I have been following this thread with interest as we supply alternative materials to the surfboard manufacturing industry, some of the big guys are talking about testing "eco" models and they say they are getting pushed by their customers to do this..
But the first question with all the new fabrics is "does this come in white?" the issue is that they think they cant look different to what they are selling/marketing now. unfortunately they think there is a formula to selling new boards - bring out a model (which is a slightly tweaked version of what the pro was riding last year), do a marketing video about the new board, put it under a feet of a pro and then get them to ride it in a contest hoping that they win so they can come back to do another push on how awesome this board is. It can't look too different as if the pro doesn't win on it - then they don't have much bad media and they can go back to pushing the new model with social media instead. The issue is that this will continue to repeat itself as every one has a stake in this - the board manufacture can't risk the model looking too different, the pro can"t risk be seen riding a board that doesn't "perform" (even though pros have bad days sometimes).

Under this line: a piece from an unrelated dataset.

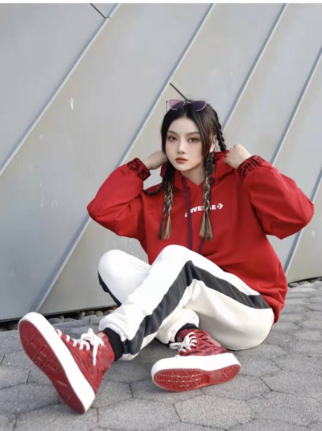 look8 red sweatshirt + white wide-leg pants + white shoes

its the backyarders that are happy to try these out and understand that it might look different... but dont have the pressures that the big guys have, They can start working on a concept, ride the board, tweak it a bit, do another one, tweak it a bit more until they understand how it performs and the differences. The Woolight shown above, is a good example of this Paul worked on this concept for years before Firewire picked up the rights to it. Its a very different laminating/ finishing processes to a normal board but he showed to Firewire how it could be done ... they then worked out a way to mass produce.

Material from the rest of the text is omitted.